I have a friend who is a talented artist. His works are made digitally, but he is classically trained. He doesn't have a social media presence, but he sells his work to others who commission him after finding his work through word of mouth. So, he is compensated for the art that he does create for others--essentially, a work-for-hire arrangement.

Those who commission him are avid social media users. One day, his work goes viral because of his distinctive art style. Since the terms of service of the various social media sites state that any content uploaded may be used to train generative AI models, those reposts of his work find their way into the training datasets of subscription generative AI services. Users of those services discover they can generate numerous similar artworks--in fact, almost indistinguishable from genuine originals--for a fraction of the cost and time. The AI company makes money from the subscriptions. The social media companies make money from advertisers and from selling training data to the AI company. Demand for my friend's hand-drawn (albeit digital) work dies out. He is no longer able to make a living from his artwork. He never consented to his work being included in those models. He was compensated for the original works, but nobody wants them anymore because anyone can generate thousands of similar works from models trained on those originals.

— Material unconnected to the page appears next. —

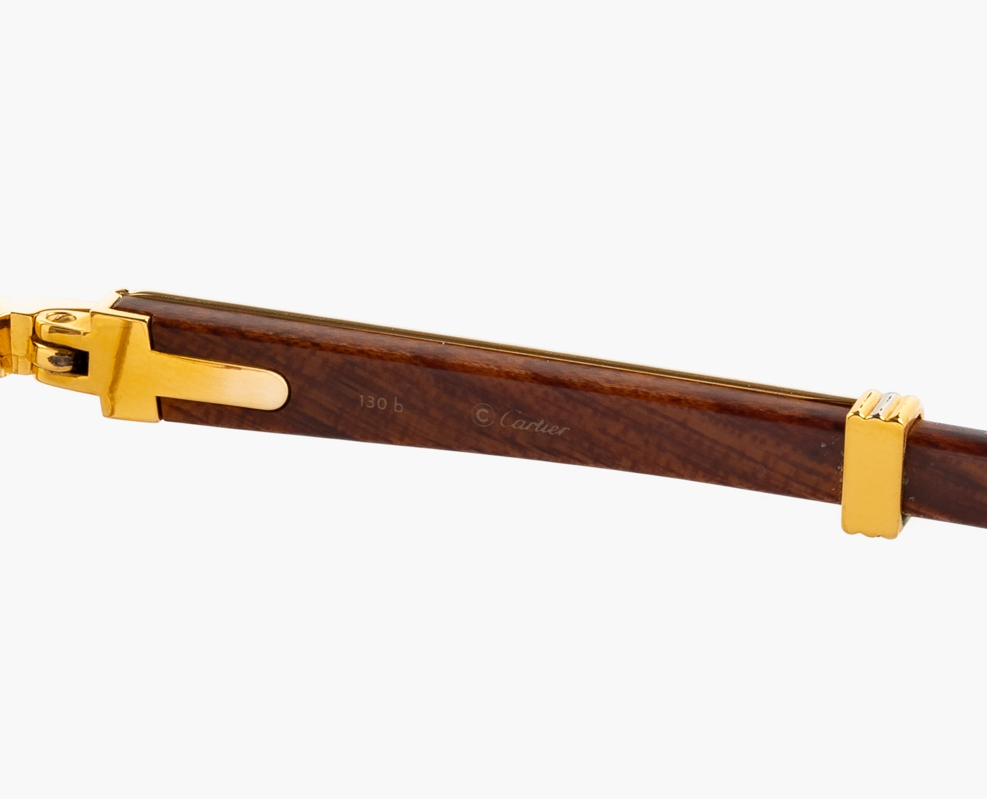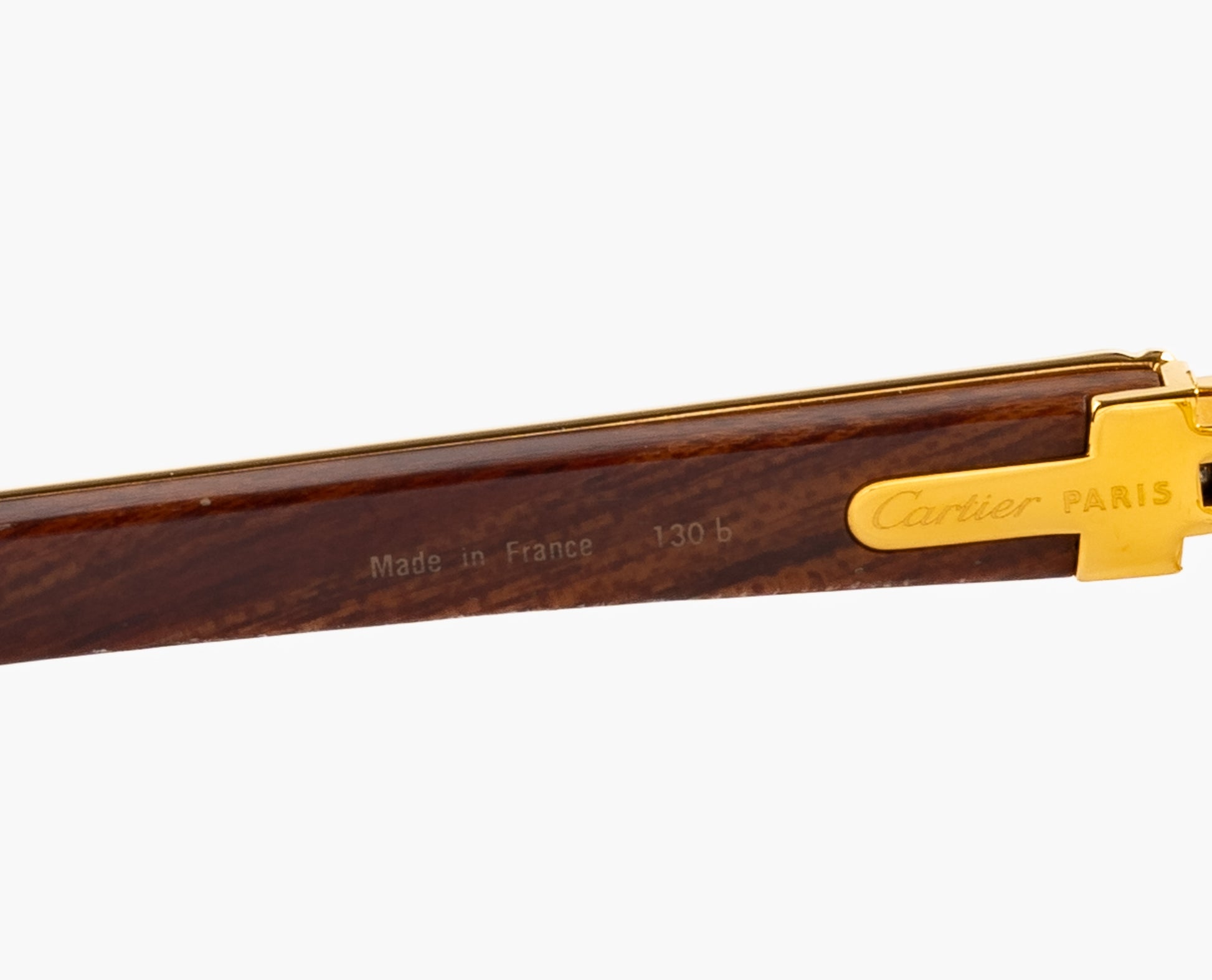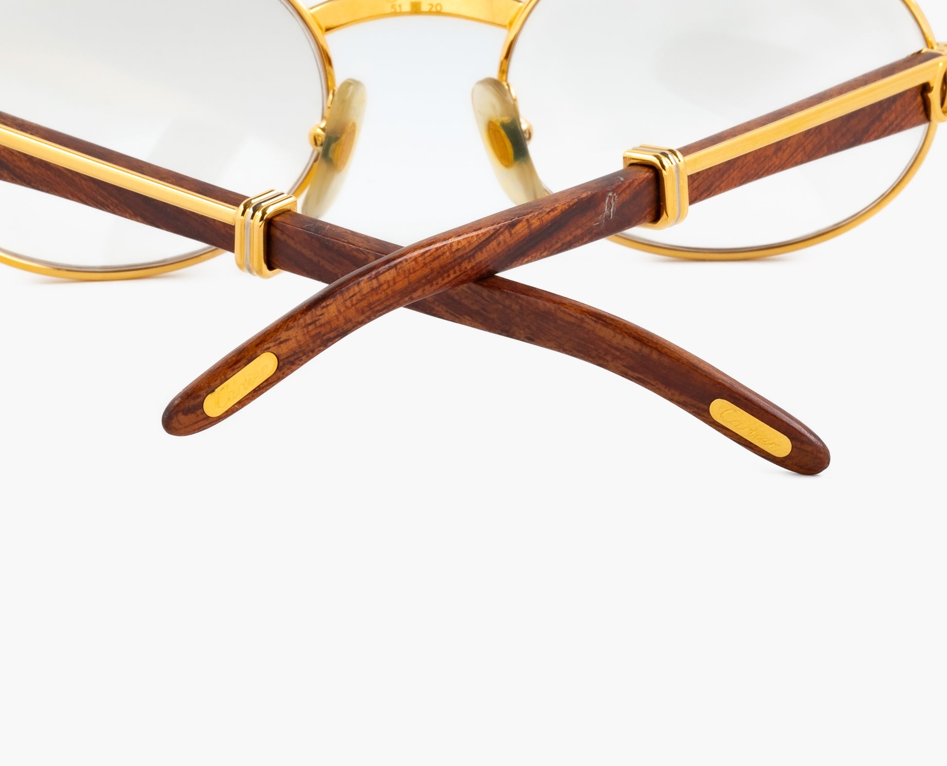 Cartier Giverny is the most popular wooden pair of frames of the 90s. Handmade with precious African 'Bubinga' wood and 22k gold plated metal hardware. Beautiful oval shape. A lot of hiphop artists wore those including Kanye, JayZ, Harry O, Big Boi. But also other celebrities like Maradona.

Not to be discouraged, my friend changes their style. Perhaps he even ventures into other forms of art entirely--say, sculpture or other physical media. But the cycle repeats in one form or another. Even worse, the AI models, trained on so much data, become so convincing that scammers use it to flood the internet with generated images of his style of sculpture or physical artworks. Nobody can tell whether they are real or fake. People lose significant sums of money to buy what they think are real works. Because there is so much distrust about their authenticity, demand for his work declines.

Is this fair? How do you propose this issue be solved?